Un ricordo del nostro direttore del grande e indimenticabile Rino Tommasi

Gianni Clerici e Rino Tommasi – foto Ray Giubilo

Stanno per iniziare gli Australian Open, e pare di risentirla la canzoncina con cui Gianni e Rino inauguravano l’annata delle telecronache: «Oh, bongo bongo bongo/stare bene solo al Congo/non mi muovo no no/ bingo bango bengo/ molte scuse ma non vengo/io rimango qui…».

Oggi in molti storcerebbero il naso, ma allora era un segnale allegro, scanzonato, un inno recuperato dai ricordi d’infanzia (è la traduzione italiana di una canzone americana, Civilization, portata al successo da noi dalla voce di Nilla Pizzi), la campanella d’inizio di un anno scolastico che pareva una lunga ricreazione. 

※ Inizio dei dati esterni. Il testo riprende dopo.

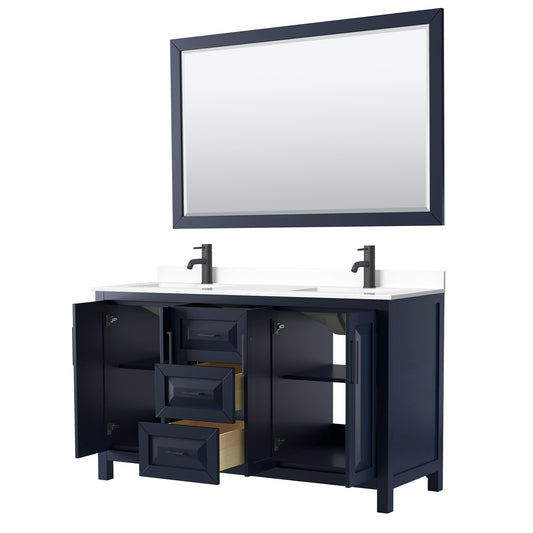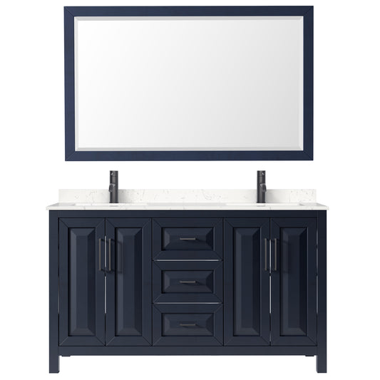 Daria 60" Double Vanity in Dark Blue, Carrara Cultured Marble Top, Black Trim

Pare di risentirla, e non sai se piangere e sorridere in questo brutto giorno, quello in cui, due anni e mezzo dopo Gianni Clerici, si è spento a Roma Rino Tommasi, l’altra metà di una coppia televisiva indimenticabile e irripetibile, un amico, un collega, ma soprattutto uno dei più grandi giornalisti sportivi italiani. Gianni se ne era andato il giorno dopo la fine del Roland Garros, Rino, allontanato da tempo da una malattia crudele, ci lascia alla vigilia dello Slam australiano.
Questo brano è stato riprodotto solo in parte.